The feel of your hair as you run your fingers through it can play a huge role in your confidence. Indeed, we all like to emerge from our routine of shampooing and conditioning to find our locks feeling soft, hydrated, and smooth. However, our hair doesn't always feel completely refreshed after a shower, leaving us plagued with scalp irritation, greasy hair, or even waxy hair. 

This waxy feeling most often consists of a film-like residue at the scalp or on the parts of the hair shaft near the root. This can make it feel more difficult for you to run your fingers through your hair, or can leave an oily or sticky feeling on your hands after you touch your hair. Residue like this can weigh hair down, making straight hair look limp and curls appear weighed down. Plus, waxy residue on the hair and scalp can curb hair growth, because you can't grow long, healthy hair without first having a healthy scalp. 
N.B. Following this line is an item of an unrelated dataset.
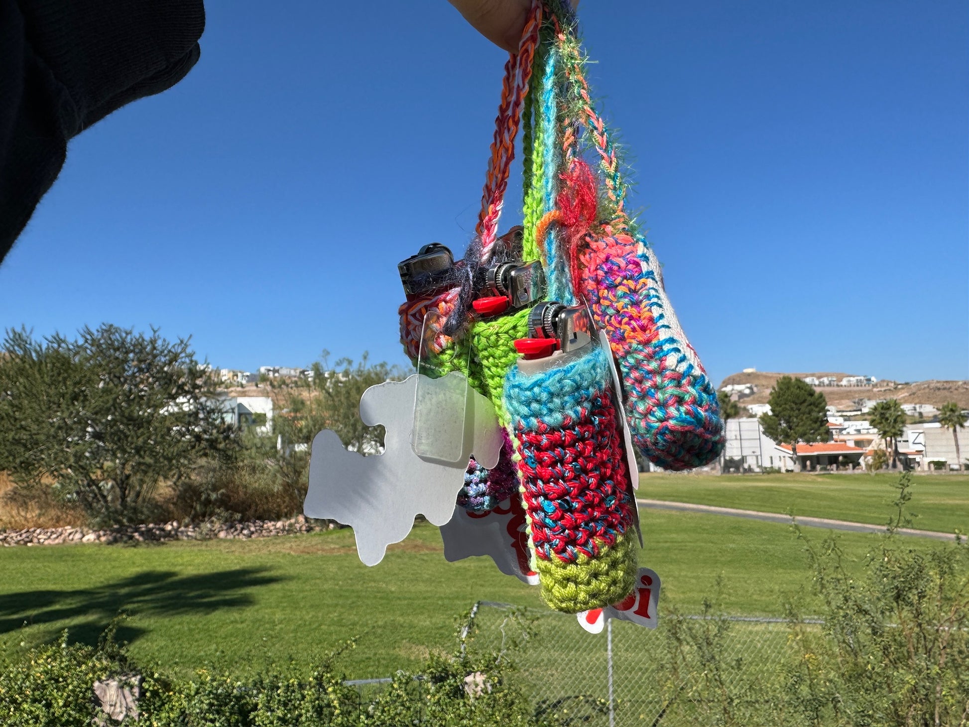 Porta encendedor con encendedor incluido.
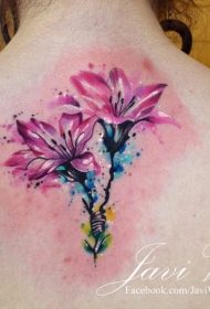 背部小清新百合花彩色泼墨花卉纹身图案

So I contacted celebrity hairstylist Glenn Ellis, who broke down the reasons hair feels waxy sometimes and, of course, what you can do to solve it. 

Why Does My Hair Feel Waxy?

To fight waxy hair and prevent it from feeling that way to begin with, it's first important to understand why hair feels waxy sometimes. 

"Waxy feelings are often due to product buildup," says Ellis. And that build-up most often comes from pollution, sweat, dandruff, and excess hair products like leave-in conditioners, hair oils, serums, gels, and more. In this case, it's important to know how to wash your hair thoroughly, from scalp to tip, and to keep in mind how often you should wash your hair so that excess oils don't have the chance to build up. 

Ellis also adds that "using shampoos and conditioners that have sulfates in them" can also result in a waxy feeling, because the sulfates in these products "coat the hair." Some of the most common sulfates you might find in hair products include sodium lauryl sulfate (SLS), sodium laureth sulfate (SLES), mmonium lauryl sulfate (ALS), and ammonium laureth sulfate.

"I always recommend using sulfate-free shampoos and conditioners to avoid the waxy feeling from the start," he reiterates.

Below, some high-quality sulfate-free shampoo options that will keep your hair fresh and free from wax.

How to Get Rid of Waxy Hair

So, now that you know what could be causing your waxy hair and have checked the labels on all your hair products for sulfates, what do you do to treat your waxy roots?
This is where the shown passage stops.